Wraith looked puzzled. “And … ?”
“Don’t be an idiot, Wraith. Just because she doesn’t love me doesn’t mean that I don’t love her. I have only as much of her as she’ll give me— but I don’t want to lose that.”
They were two days from the first open call for actors when Wraith finally came to a decision. Velyn was bent over a piece of the third act backdrop, painting. Her hair fell around her face, and paint speckled her hands, and the graceful curve of her back made his mouth go dry.
He sat beside her and for a while simply watched her, while he tried to consider which words he could use to ask her the question that had been driving him to distraction for so long. At last he said, “Velyn?”
She looked up at him and smiled—the smile he loved so much. “You’ve been quiet today. Having doubts about our little enterprise?”

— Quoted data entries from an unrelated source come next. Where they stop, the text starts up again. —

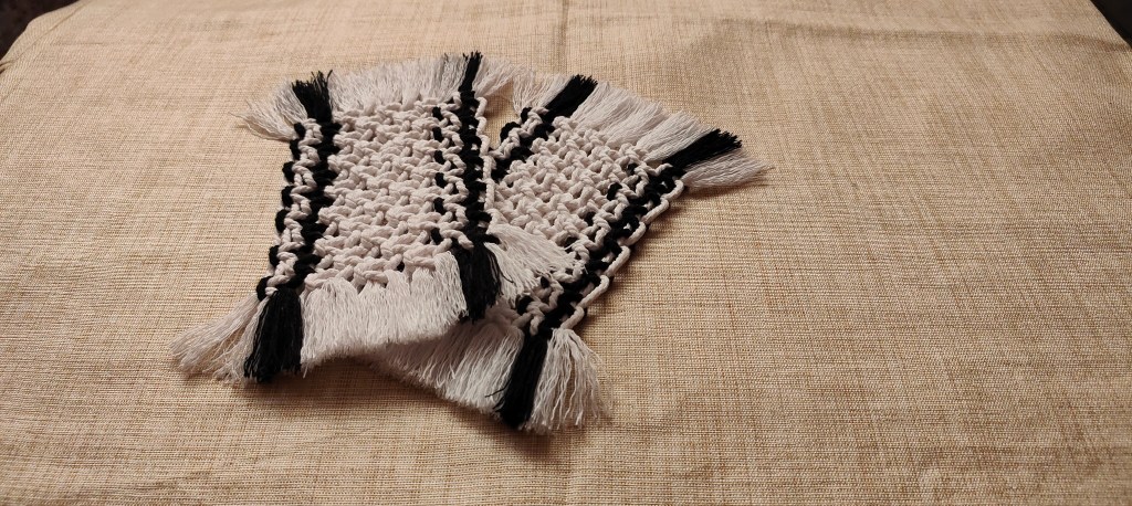 Ying & yang inspired coaster twins. These coasters are approximately 16 cm X 8 cm. They are priced at 185 INR per pair.
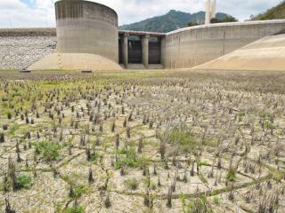 曾文水库最高水位227米,溢洪道是211米,水闸门最低的地方是206米,12日水位只剩188米。在水位计附近有大批浮覆地露出水面,持续高温日照下,地表严重龟裂,干旱情景令人怵目惊心。
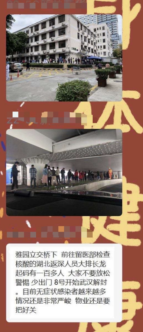 “雅園立交橋下,前往留醫(yī)部檢查核酸的湖北返深人員大排長龍,起碼有一百人,大家不要放松警惕,少出門。”7日,這段文字和兩張大排長龍的圖片在網(wǎng)上流傳。記者9日從深圳市人民醫(yī)院獲悉,該情況并不屬實。一份核酸取樣平均時間為數(shù)秒鐘,醫(yī)院核酸檢測排隊患者一般在10~50人之間,因為需要保持1米隔離,隊伍會比較長,但也未超過百米,更不存在排出醫(yī)院大門外或雅園立交橋下,市民無需緊張。
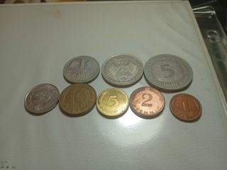 Conjunto de monedas de la República Federal de Alemania. - Incluye monedas de 1, 2, 5, 10, y 50 Pfennig. - También incluye una moneda de 1 Deutsche Mark. - Algunas monedas son de 1990.

“No doubts,” he said. “Not about the play, not about the theater. But … yes. I’ve been doing a lot of thinking.”
Velyn laughed her soft, low laugh, shook her head with mock seriousness, and said, “You shouldn’t do too much of that. It isn’t good for you.”
“I shouldn’t,” he agreed, “but I can’t seem to stop myself.” He took her hand in his a
nd said, “You and I have been working toward the same goals. We want the same things from life—to bring freedom to the people of the Warrens, to make a difference in the world. To leave Oel Artis a better place than we found it.”
Her expression seemed to him a bit bemused, and he thought, I’m not saying this right. I’m not saying any of this the right way.
“We fit each other, Velyn,” he said. “And I love you. I love everything about you—the way you move, the way you talk, the way you keep surprising me with things that you know I never, ever heard of. I would spend an eternity with you. I would spend two eternities with you, if I could have them.”
Velyn laughed. “I love you, too, Wraith. But you already know that.”
He nodded. “I want to offer you vows, Velyn. I want to offer you myself. I want to be your love, your partner, your companion and friend, for the rest our lives and beyond into eternity if the bonds of our vows will transcend death.”
He had done it in a rush, hoping to see in her face receptivity, excitement, joy. But what he saw in her eyes was … evasion.
She smiled, and her smile was sad. “I love you, Wraith. Can’t having now be enough? Can’t it be enough that we have this moment, this work we share, our nights together for as long as we have them? Can’t we find what joy we can in that and hold it to ourselves—create memories that we can keep, and accept the days that come?”
He didn’t understand. “You love me. Don’t you?”
“With all my heart. With my body. With my soul. I have loved you since we first met.”
“Then why won’t you say you’ll join in the nutevaz with me?”
What he saw next in her eyes he liked even less than the evasion. He saw pity, and inwardly he shuddered.
She sighed deeply and looked down at her paint-speckled hands. “I’m stolti,” she said, not looking at him. “I couldn’t take vows with you if you were chadri—not even if you were rich and powerful and had your own house in Oel Artis Travia.”